*Listed entries*

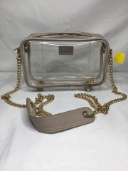 Clear handbag with gold chain and pink strap. Perfect for concerts and sporting events.
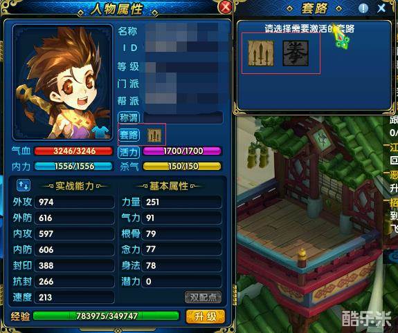 玩家点击自己头像,弹出人物属性界面,中间有套路图标。
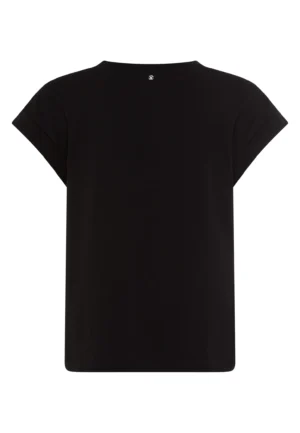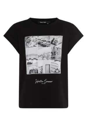 Vācu modes zīmola Marc Aurel melns brīva piegriezuma sieviešu T-krekls ar melnbaltu zīdaina auduma fotoattēlu kolāžu, smalkiem uzrakstiem un dekoratīvām nošuvēm. Izgatavots no mīksta kokvilnas materiāla. Papildināts ar fiksētiem piedurkņu atlokiem un smalku logo akcentu pie apkakles mugurpusē.
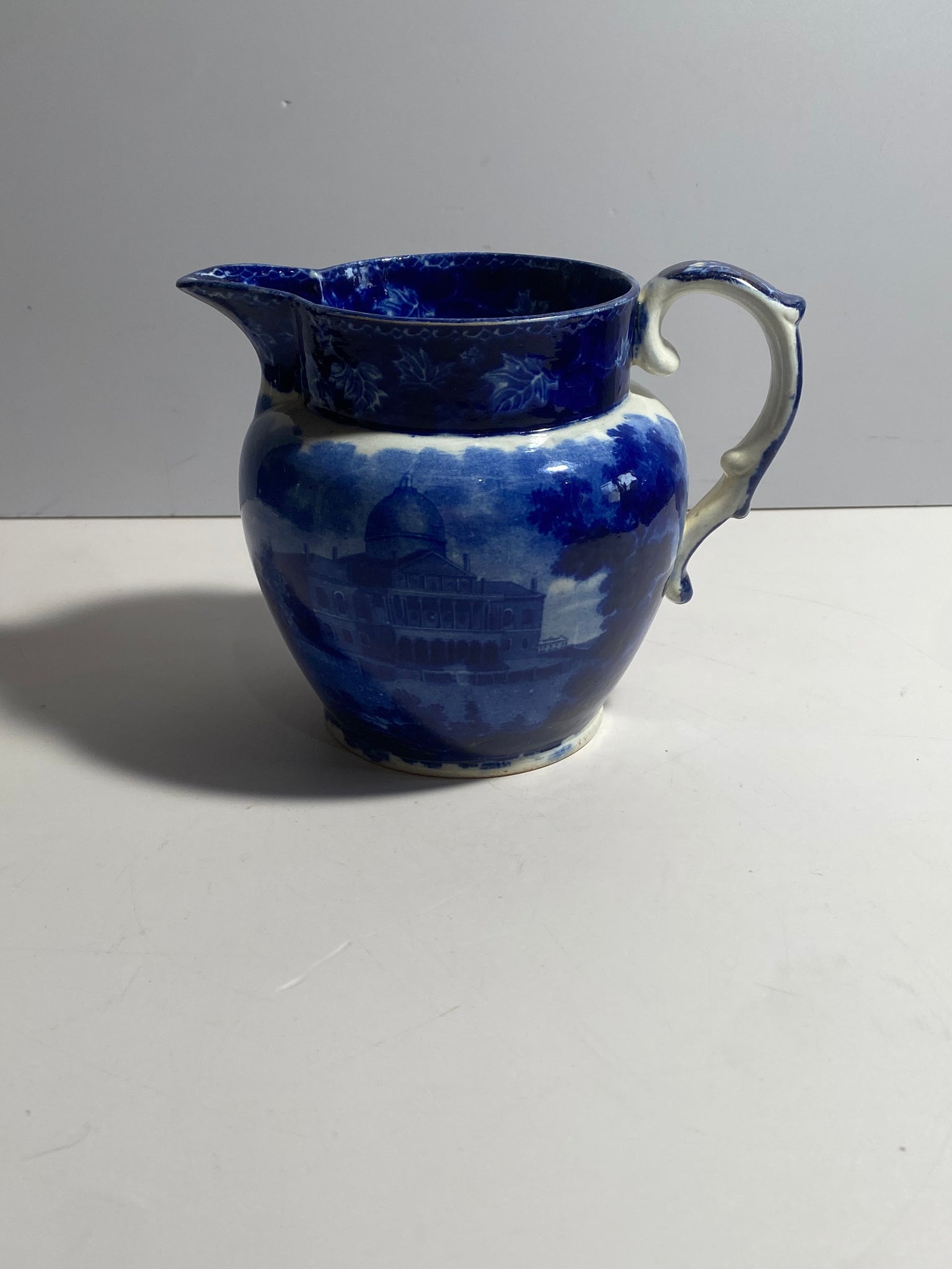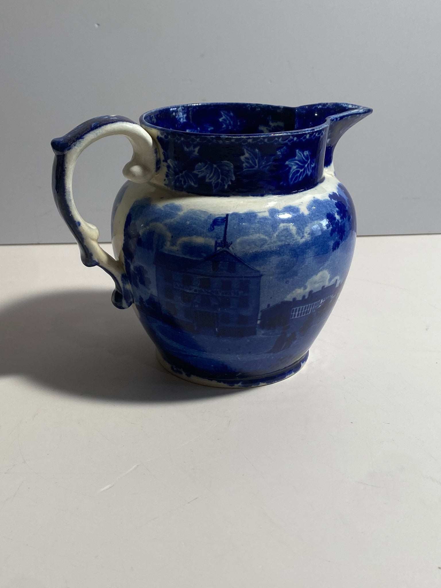 Historical Staffordshire Blue Pitcher Boston State House Scudder’s Museum 1825
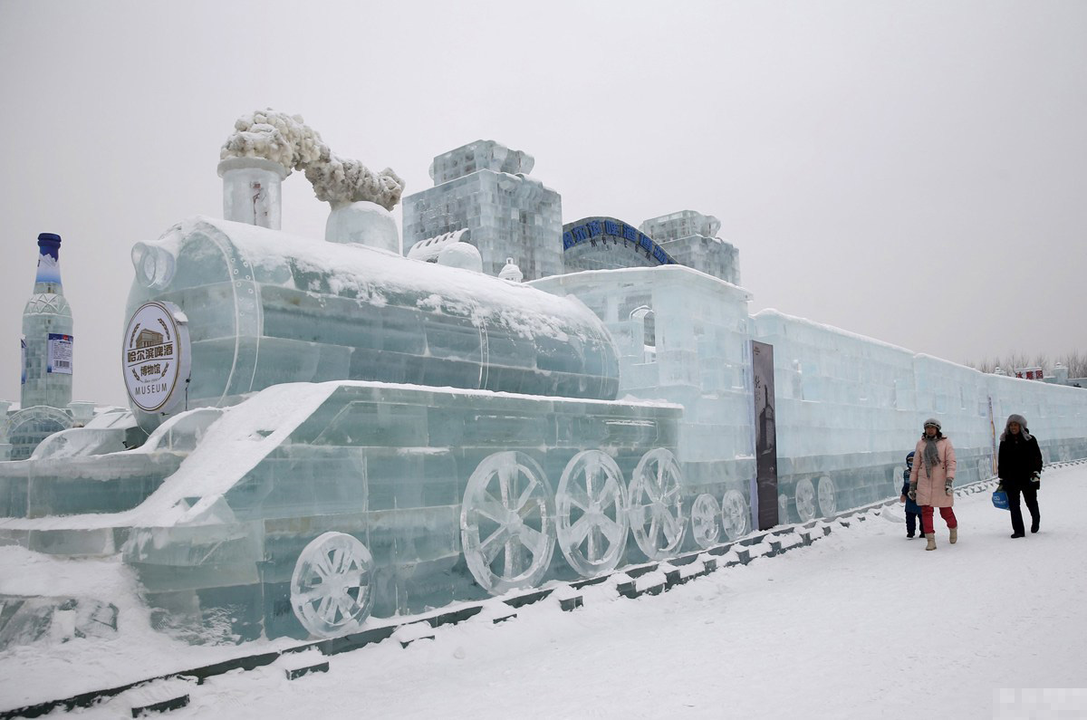 2015年1月4日,黑龙江哈尔滨第31届国际冰雪节上,游客们正走过一尊火车造型的冰雕作品。
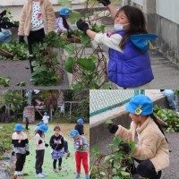 生活科の授業です。 畑で、さつまいもの「つる」をとっていました。 まもなく さつまいものしゅうかくです。 とった「つる」は、このあと「リースづくり」を行うようです。 大きなさつまいもが育っているかな...
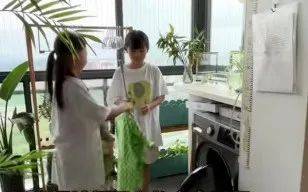 翁女士看到哥哥在院子中准备晾晒衣服时,因为够不到晾衣绳,只能无助地站在原地呼喊妹妹。小女孩听到后,快速地跑过来,从院子一角拖出小板凳,轻快地踩到上面,接过哥哥手中的衣服熟练地挂上去。
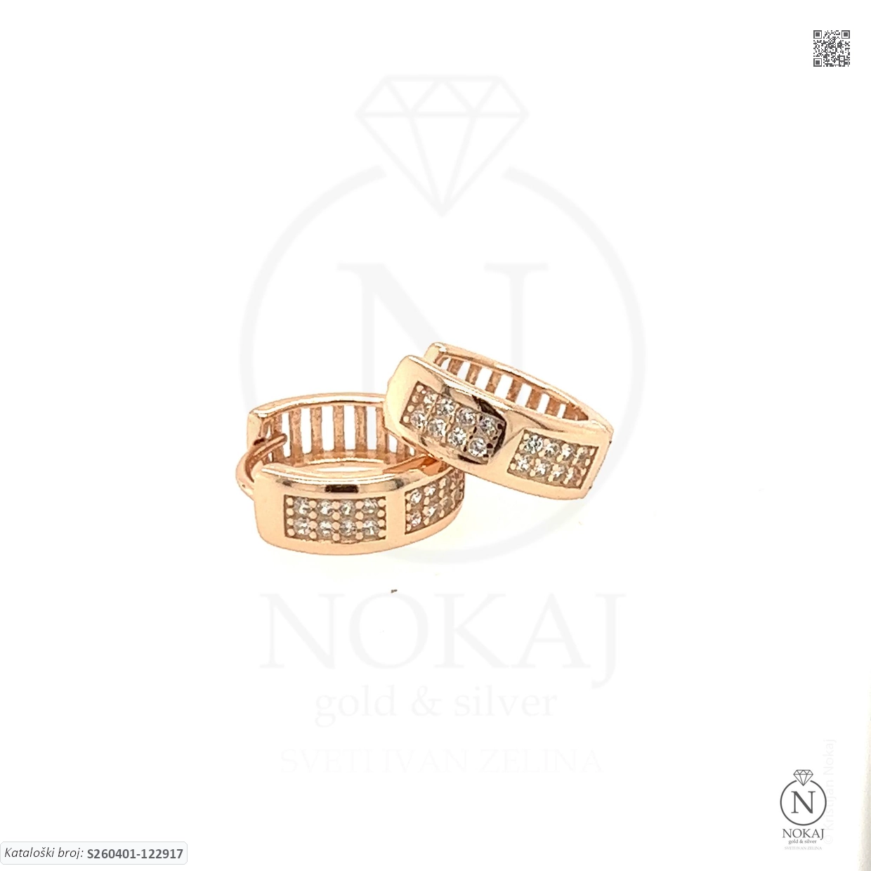 Srebrne naušnice čistoće 925/1000, pozlaćene slojem 18k ružičastog zlata, ukrašene cirkonima.
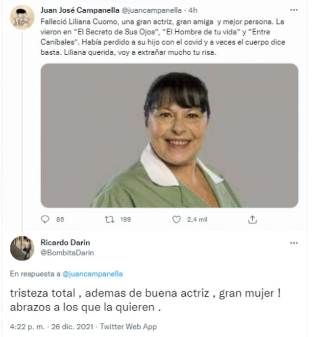 Por otro lado, Juan José Campanella se mostró conmovido al enterarse de su deceso: “Falleció Liliana Cuomo, una gran actriz, gran amiga y mejor persona. La vieron en El Secreto de sus Ojos, El Hombre de tu vida y Entre Caníbales. Había perdido a su hijo con el Covid y a veces el cuerpo dice basta. Liliana querida, voy a extrañar mucho tu risa”, expresó el director a través de su cuenta de Twitter, con una imagen en la que se observa una sonriente Liliana.

*What you have to do*
Only what runs from the line containing "翁女士看到哥哥在院子中准备晾" through the end of the entries above should be extracted, exactly and without pictures.

*Answer box*
 翁女士看到哥哥在院子中准备晾晒衣服时,因为够不到晾衣绳,只能无助地站在原地呼喊妹妹。小女孩听到后,快速地跑过来,从院子一角拖出小板凳,轻快地踩到上面,接过哥哥手中的衣服熟练地挂上去。
 Srebrne naušnice čistoće 925/1000, pozlaćene slojem 18k ružičastog zlata, ukrašene cirkonima.
 Por otro lado, Juan José Campanella se mostró conmovido al enterarse de su deceso: “Falleció Liliana Cuomo, una gran actriz, gran amiga y mejor persona. La vieron en El Secreto de sus Ojos, El Hombre de tu vida y Entre Caníbales. Había perdido a su hijo con el Covid y a veces el cuerpo dice basta. Liliana querida, voy a extrañar mucho tu risa”, expresó el director a través de su cuenta de Twitter, con una imagen en la que se observa una sonriente Liliana.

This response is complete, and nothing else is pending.